Reserved property names like `id` or `additional` are prefixed with underscores for differentiation. Therefore, `id` becomes `__id` and `_id` is rendered as `___id`.

### Case insensitive naming convention
The default naming convention described above will preserve the casing of the properties (besides the first letter which is lowercased). This generates nice classes in Weaviate but also requires that your input data does not have clashing property names when comparing case insensitively (i.e., `caseName` == `casename`). In such cases, Weaviate destination will fail to create classes and report a conflict.

You can configure an alternative naming convention which will lowercase all properties. The clashing properties will be merged and the classes created. Still, if you have a document where clashing properties like:
```json
{"camelCase": 1, "CamelCase": 2}
```
it will be normalized to:
```json
{"camelcase": 2}
```
so your best course of action is to clean up the data yourself before loading and use the default naming convention. Nevertheless, you can configure the alternative in `config.toml`:
```toml
[schema]
naming="dlt.destinations.impl.weaviate.ci_naming"
```

## Additional destination options

- `batch_size`: (int) the number of items in the batch insert request. The default is 100.
- `batch_workers`: (int) the maximal number of concurrent threads to run batch import. The default is 1.
- `batch_consistency`: (str) the number of replica nodes in the cluster that must acknowledge a write or read request before it's considered successful. The available consistency levels include:
    - `ONE`: Only one replica node needs to acknowledge.
    - `QUORUM`: Majority of replica nodes (calculated as `replication_factor / 2 + 1`) must acknowledge.
    - `ALL`: All replica nodes in the cluster must send a successful response.
    The default is `ONE`.
- `batch_retries`: (int) number of retries to create a batch that failed with ReadTimeout.
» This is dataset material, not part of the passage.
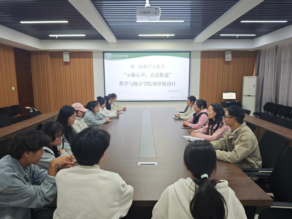 为搭建师生零距离沟通桥梁,倾听学生心声,3月27日,数学与统计学院在综合楼715会议室举办第二届数学文化节“π接心声,点亮数途”领导接待日活动。学院党总支副书记田媛、全体辅导员及各年级学生代表参加。
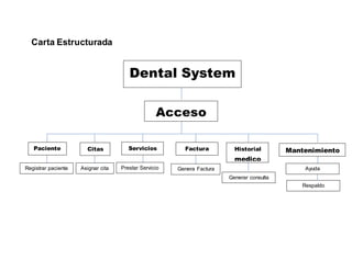 El documento presenta un proyecto de sistema de información para una clínica dental desarrollado por un grupo de estudiantes. Incluye una lista de integrantes del proyecto, una carta estructurada con las funciones del sistema, un diagrama de flujo y un modelo entidad-relación para describir la base de datos requerida. El sistema permitirá registrar pacientes, asignar citas, prestar servicios, generar facturas, llevar un historial médico y realizar tareas de mantenimiento y respaldo.

The default is 5.
- `dataset_separator`: (str) the separator to use when generating the class names in Weaviate.
- `conn_timeout` and `read_timeout`: (float) to set timeouts (in seconds) when connecting and reading from the REST API. Defaults to (10.0, 180.0).
- `startup_period` (int) - how long to wait for Weaviate to start.
- `vectorizer`: (str) the name of [the vectorizer](https://weaviate.io/developers/weaviate/modules/retriever-vectorizer-modules) to use. The default is `text2vec-openai`.
- `moduleConfig`: (dict) configurations of various Weaviate modules.

### Configure Weaviate modules

The default configuration for the Weaviate destination uses `text2vec-openai`.
To configure another vectorizer or a generative module, replace the default `module_config` value by updating `config.toml`:

```toml
[destination.weaviate]
module_config={text2vec-openai = {}, generative-openai = {}}
```

This ensures the `generative-openai` module is used for generative queries.

### Run Weaviate locally

You can run Weaviate locally using Docker. See the [Weaviate Local Quickstart](https://weaviate.io/developers/weaviate/quickstart/local) for details.
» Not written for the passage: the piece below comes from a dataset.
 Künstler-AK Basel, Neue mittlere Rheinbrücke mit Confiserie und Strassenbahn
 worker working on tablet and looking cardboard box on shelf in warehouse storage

Below is an example that configures the **contextionary** vectorizer in `config.toml`. This does not require external APIs and can run fully offline:
```toml
[destination.weaviate]
connection_type = "local"
vectorizer = "text2vec-contextionary"
module_config = {text2vec-contextionary = {vectorizeClassName = false, vectorizePropertyName = true}}
```
You can find the Docker Compose file and setup instructions in our [README](https://github.com/dlt-hub/dlt/tree/devel/dlt/destinations/impl/weaviate/README.md).

### dbt support

Currently, Weaviate destination does not support dbt.

### Syncing of `dlt` state

Weaviate destination supports syncing of the `dlt` state.